The playfully late chord (bar 3, beat 3) seems to cause Moffett to drop back a little

tempo (2bpm). The analytical context is not adequately controlled, the discrepancy small

and the technological limitations far from ideal, so little should be read into the event.

However, if the drummer did in fact feel compelled to accommodate the significant

latency with a reduction in tempo, this would suggest that the governance of tempo is

not entirely his responsibility. Using the terminology of the SLW model (see Section 2.4,

p 100-5) this would imply that master timeline determination is not a monopoly but an

oligopoly: The latency of Bearden’s (implied) onbeat actually stretched the master time-

line, so Moffett did not accept total responsibility for its placement.
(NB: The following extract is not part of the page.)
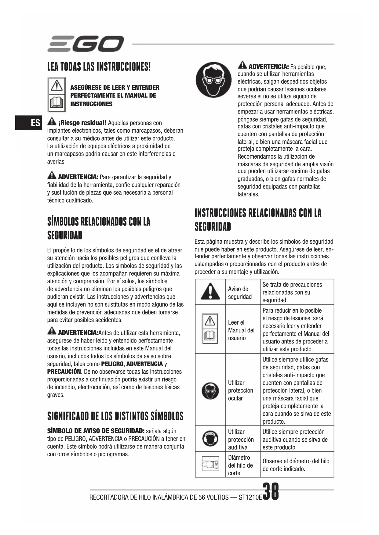 SEGURIDAD Esta página muestra y describe los símbolos de seguridad que puede haber en este producto. Asegúrese de leer, en- tender perfectamente y observar todas las instrucciones estampadas o proporcionadas con el producto antes de proceder a su montaje y utilización. Aviso de seguridad Se trata de precauciones relacionadas con su seguridad. Leer el Manual del usuario Para reducir en lo posible el riesgo de lesiones, será necesario leer y entender perfectamente el Manual del usuario antes de proceder a utilizar este producto. Utilizar protección ocular Utilice siempre utilice gafas de seguridad, gafas con cristales anti-impacto que cuenten con pantallas de protección lateral, o bien una máscara facial que proteja completamente la cara cuando se sirva de este producto. Utilizar protección auditiva Utilice siempre protección auditiva cuando se sirva de este producto. Ø2mm Diámetro del hilo de corte Observe el diámetro del hilo de corte indicado.RECORTADORA DE HILO INALÁMBRICA DE 56 VOLTIOS — ST1210E

In this example the

situation is tenuous, but the calculation may as well be completed: A 2% drop in tempo

was caused by a 13% latency, so for that bar, the hierarchical weighting of master time-

line determination would be calculated as Moffett: !85%, Bearden !15%.71

This case study highlights the potential value in the analysis of rehearsal footage (and

multitrack recordings) of particular artists. Research of this kind is a powerful tool in the

identification of the practitioner’s intention - and perception - of time-feel, and a valuable

contribution to our understanding of the mechanics of rhythmic expression.

71In may also be the case, that there is a non-linear response to latency fluctuations with, for example,
accommodation being made only above a specific threshold.